A medida que avanzaba la decrepitud de su cuerpo, Nora Reeves retrocedía a otro tiempo y a otro lugar, hasta que perdió la cuenta del olvido. Al final de sus días creía ser una princesa de los Urales y deambulaba cantando arias por las albas habitaciones de un lugar encantado.

Desde hacía mucho tiempo sólo reconocía a Judy, a quien, por otra parte, confundía con su abuela y le hablaba en ruso. Regresó a una juventud imaginaria, donde no existían deberes ni sufrimientos, sólo tranquilas diversiones de música y libros. Leía por el placer de comprobar las infinitas variaciones de veinticuatro signos impresos sobre el papel, pero no recordaba las frases ni se daba cuenta del tema; hojeaba con el mismo interés una novela clásica o el manual de instrucciones de un aparato eléctrico.
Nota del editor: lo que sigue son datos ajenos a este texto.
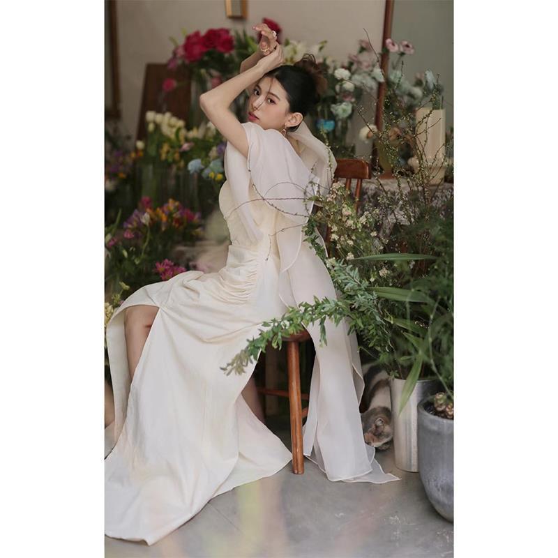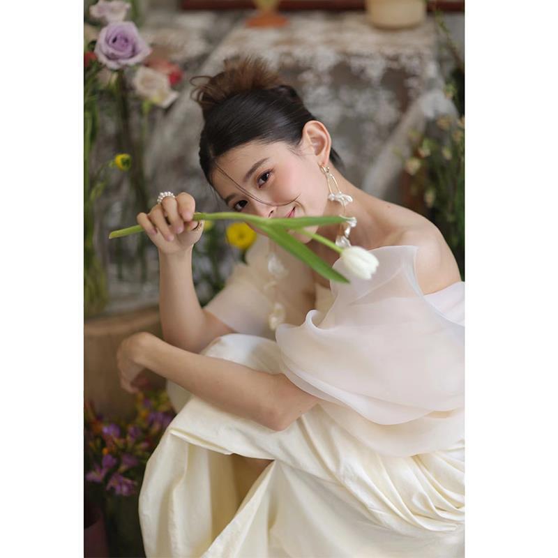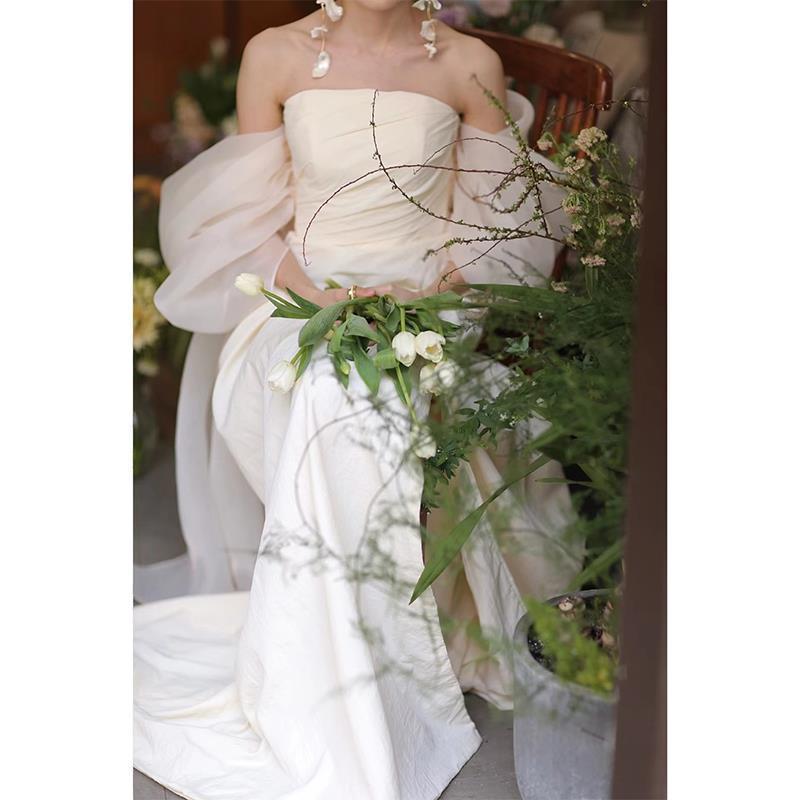 Kerudung pengantin ringan bergaya Prancis 2025 untuk fotografi perjalanan luar ruangan, gaun kerudung ringan mewah, kerudung selamat datang, jubah pagi.

Con los años se había encogido al tamaño de una muñeca transparente, pero con los cosméticos milagrosos de sus fantasías, o tal vez simplemente con la inocencia de la muerte, recuperó la frescura perdida en tanta vida y al morir se veía tal como Gregory la recordaba cuando era niño y ella le revelaba las constelaciones en el firmamento.

Las semanas de fiebre, el prolongado ayuno y el cabello cortado a mechones por las tijeras de su nieto, que ya no volvió a crecerle, no lograron destruir esa ilusión de belleza. Se le fue el alma con la dulce timidez que le era propia, de la mano de su hija.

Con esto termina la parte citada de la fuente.